# EXERCISE AIM
From the listing below, copy only the lines running from the line that contains "前面我们假设了不同南北极的磁块分别表示 0 和" to the line that contains "Maktabgacha ta’lim tashkilotining", both included.
Start of DATA
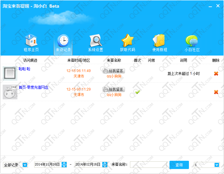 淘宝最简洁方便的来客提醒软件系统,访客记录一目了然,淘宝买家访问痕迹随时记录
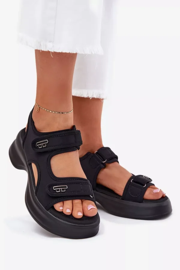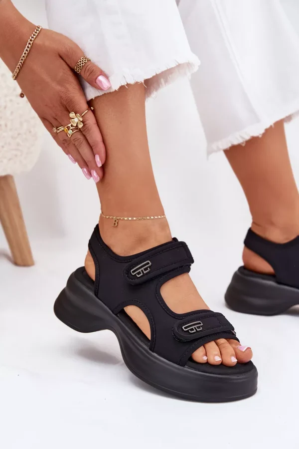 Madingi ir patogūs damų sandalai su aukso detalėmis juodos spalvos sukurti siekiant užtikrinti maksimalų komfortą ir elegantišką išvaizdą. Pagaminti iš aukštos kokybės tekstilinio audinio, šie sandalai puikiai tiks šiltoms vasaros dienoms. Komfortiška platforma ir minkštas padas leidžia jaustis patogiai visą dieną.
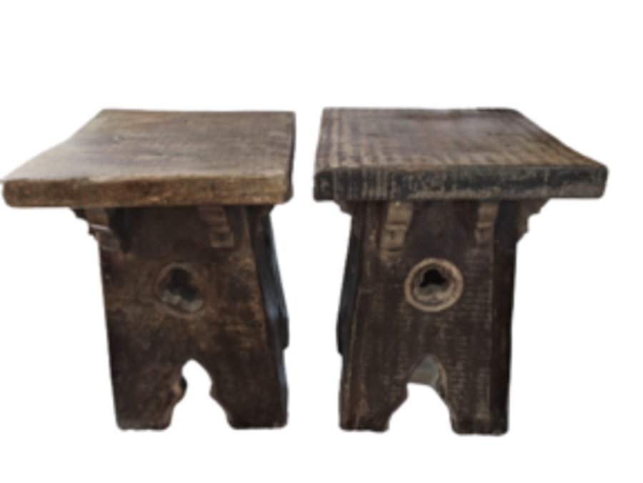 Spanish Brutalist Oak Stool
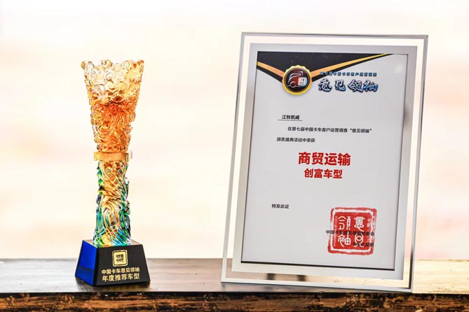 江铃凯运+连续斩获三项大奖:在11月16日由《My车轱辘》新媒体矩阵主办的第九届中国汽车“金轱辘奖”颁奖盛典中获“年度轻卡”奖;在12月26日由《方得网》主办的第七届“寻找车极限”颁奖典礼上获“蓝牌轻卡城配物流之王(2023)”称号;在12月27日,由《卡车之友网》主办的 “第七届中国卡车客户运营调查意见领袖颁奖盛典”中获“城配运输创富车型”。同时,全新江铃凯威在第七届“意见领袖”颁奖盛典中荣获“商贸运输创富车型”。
End of DATA
Start of DATA
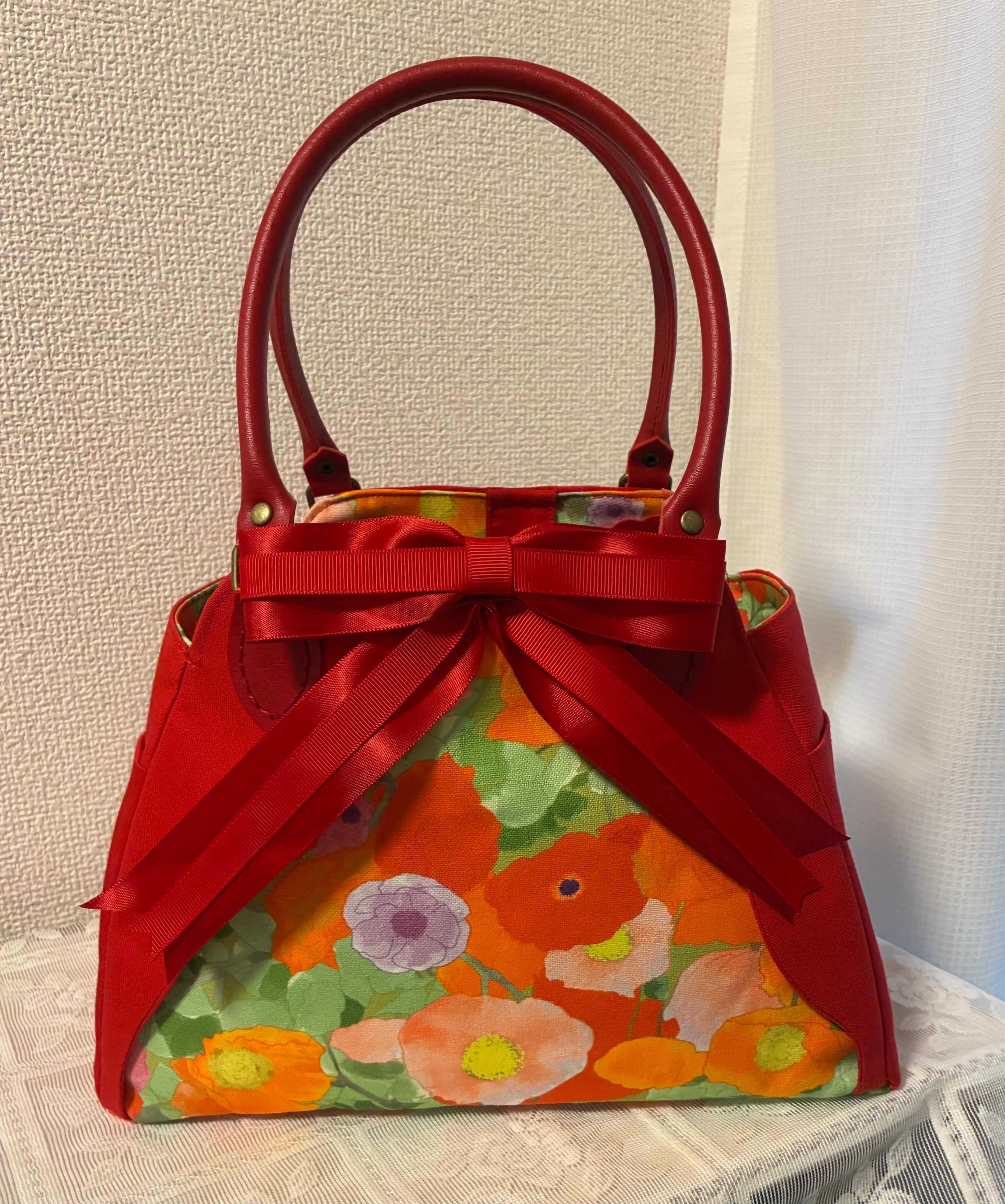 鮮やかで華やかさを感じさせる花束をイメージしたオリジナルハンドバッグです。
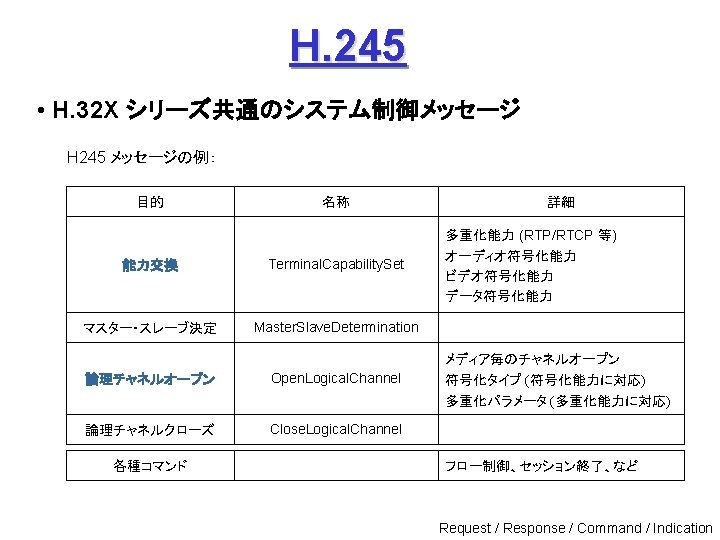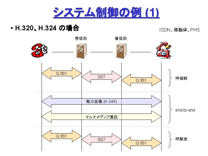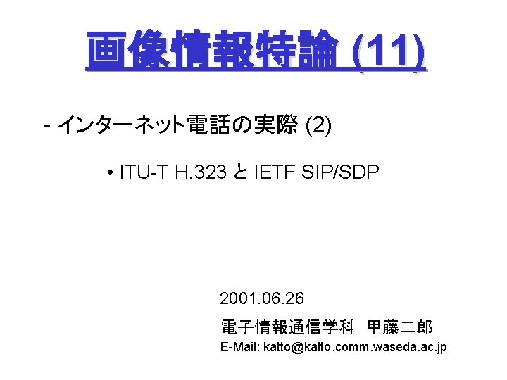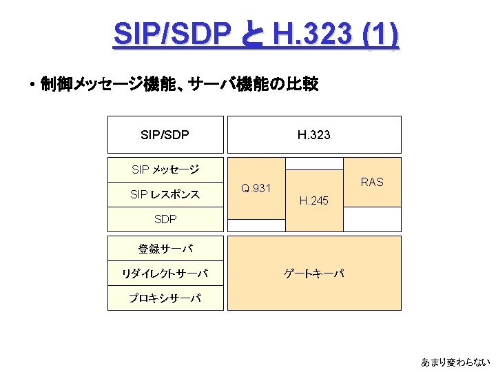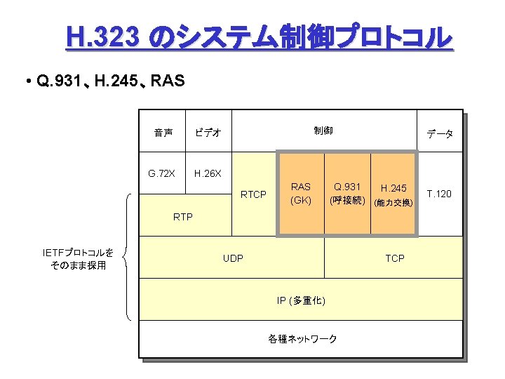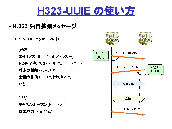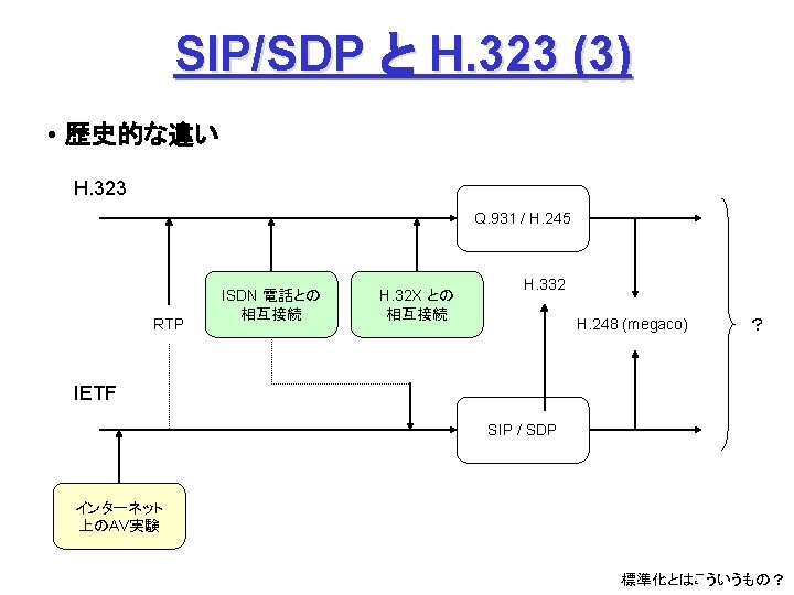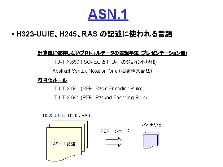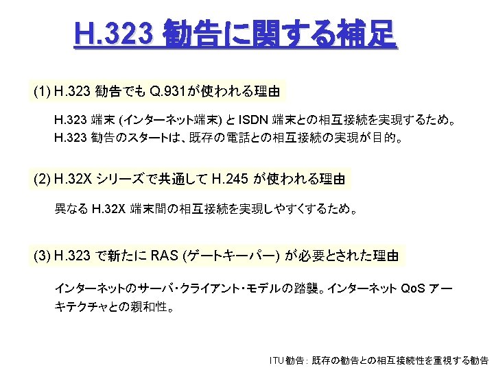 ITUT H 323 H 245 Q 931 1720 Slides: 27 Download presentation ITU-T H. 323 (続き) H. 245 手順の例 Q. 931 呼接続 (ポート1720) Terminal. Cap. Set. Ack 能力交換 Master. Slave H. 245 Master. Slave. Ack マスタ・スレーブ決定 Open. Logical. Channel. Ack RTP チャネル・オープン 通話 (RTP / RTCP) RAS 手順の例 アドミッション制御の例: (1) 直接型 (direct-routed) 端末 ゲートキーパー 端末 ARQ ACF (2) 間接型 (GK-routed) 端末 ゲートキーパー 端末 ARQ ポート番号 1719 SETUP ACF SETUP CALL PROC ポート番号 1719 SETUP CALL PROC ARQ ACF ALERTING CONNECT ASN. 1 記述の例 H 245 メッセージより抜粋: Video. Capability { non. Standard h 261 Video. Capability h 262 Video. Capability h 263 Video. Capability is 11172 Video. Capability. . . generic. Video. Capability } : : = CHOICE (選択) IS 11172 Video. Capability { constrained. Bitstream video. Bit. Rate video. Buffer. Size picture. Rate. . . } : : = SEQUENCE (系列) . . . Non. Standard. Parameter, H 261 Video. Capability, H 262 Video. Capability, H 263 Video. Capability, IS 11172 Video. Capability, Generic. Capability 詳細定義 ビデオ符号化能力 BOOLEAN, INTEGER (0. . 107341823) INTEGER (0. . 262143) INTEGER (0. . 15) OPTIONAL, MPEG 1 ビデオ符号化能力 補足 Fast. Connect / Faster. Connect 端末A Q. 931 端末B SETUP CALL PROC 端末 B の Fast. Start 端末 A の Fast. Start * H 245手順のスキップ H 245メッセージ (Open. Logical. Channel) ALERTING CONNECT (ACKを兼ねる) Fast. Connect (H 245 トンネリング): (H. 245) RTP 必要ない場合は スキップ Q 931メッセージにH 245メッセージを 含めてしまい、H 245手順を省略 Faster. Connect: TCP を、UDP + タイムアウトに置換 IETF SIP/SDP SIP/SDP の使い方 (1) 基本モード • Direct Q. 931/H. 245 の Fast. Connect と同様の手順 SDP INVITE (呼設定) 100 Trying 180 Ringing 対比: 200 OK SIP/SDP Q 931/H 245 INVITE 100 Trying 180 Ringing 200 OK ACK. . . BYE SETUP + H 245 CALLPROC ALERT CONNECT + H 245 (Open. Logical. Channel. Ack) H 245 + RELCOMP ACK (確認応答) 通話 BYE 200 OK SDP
End of DATA
Start of DATA
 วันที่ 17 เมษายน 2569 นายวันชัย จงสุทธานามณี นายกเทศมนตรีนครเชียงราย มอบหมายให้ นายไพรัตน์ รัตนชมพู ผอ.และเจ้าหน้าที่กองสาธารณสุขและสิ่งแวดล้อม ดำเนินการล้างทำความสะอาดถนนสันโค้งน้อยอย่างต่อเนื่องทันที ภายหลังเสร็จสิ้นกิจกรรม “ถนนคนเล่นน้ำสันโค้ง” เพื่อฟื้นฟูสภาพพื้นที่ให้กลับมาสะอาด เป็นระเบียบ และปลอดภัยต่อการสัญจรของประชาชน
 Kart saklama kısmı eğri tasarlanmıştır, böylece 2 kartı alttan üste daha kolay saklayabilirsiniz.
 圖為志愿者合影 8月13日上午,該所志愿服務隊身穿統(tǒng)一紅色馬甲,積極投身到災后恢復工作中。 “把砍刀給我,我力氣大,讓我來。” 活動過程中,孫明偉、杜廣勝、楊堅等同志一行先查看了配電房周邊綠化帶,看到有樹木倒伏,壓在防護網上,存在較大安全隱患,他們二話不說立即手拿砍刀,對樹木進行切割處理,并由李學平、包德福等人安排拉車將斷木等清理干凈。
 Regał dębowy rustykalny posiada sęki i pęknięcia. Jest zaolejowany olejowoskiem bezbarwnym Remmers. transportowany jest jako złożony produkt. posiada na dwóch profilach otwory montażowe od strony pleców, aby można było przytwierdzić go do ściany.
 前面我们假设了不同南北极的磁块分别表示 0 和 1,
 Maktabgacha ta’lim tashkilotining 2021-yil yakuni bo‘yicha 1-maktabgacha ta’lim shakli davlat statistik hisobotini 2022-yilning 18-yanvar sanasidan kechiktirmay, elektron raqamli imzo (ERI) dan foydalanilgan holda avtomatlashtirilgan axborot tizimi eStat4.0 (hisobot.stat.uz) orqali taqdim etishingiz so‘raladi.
End of DATA
# PROBLEM SOLUTION
 前面我们假设了不同南北极的磁块分别表示 0 和 1,
 Maktabgacha ta’lim tashkilotining 2021-yil yakuni bo‘yicha 1-maktabgacha ta’lim shakli davlat statistik hisobotini 2022-yilning 18-yanvar sanasidan kechiktirmay, elektron raqamli imzo (ERI) dan foydalanilgan holda avtomatlashtirilgan axborot tizimi eStat4.0 (hisobot.stat.uz) orqali taqdim etishingiz so‘raladi.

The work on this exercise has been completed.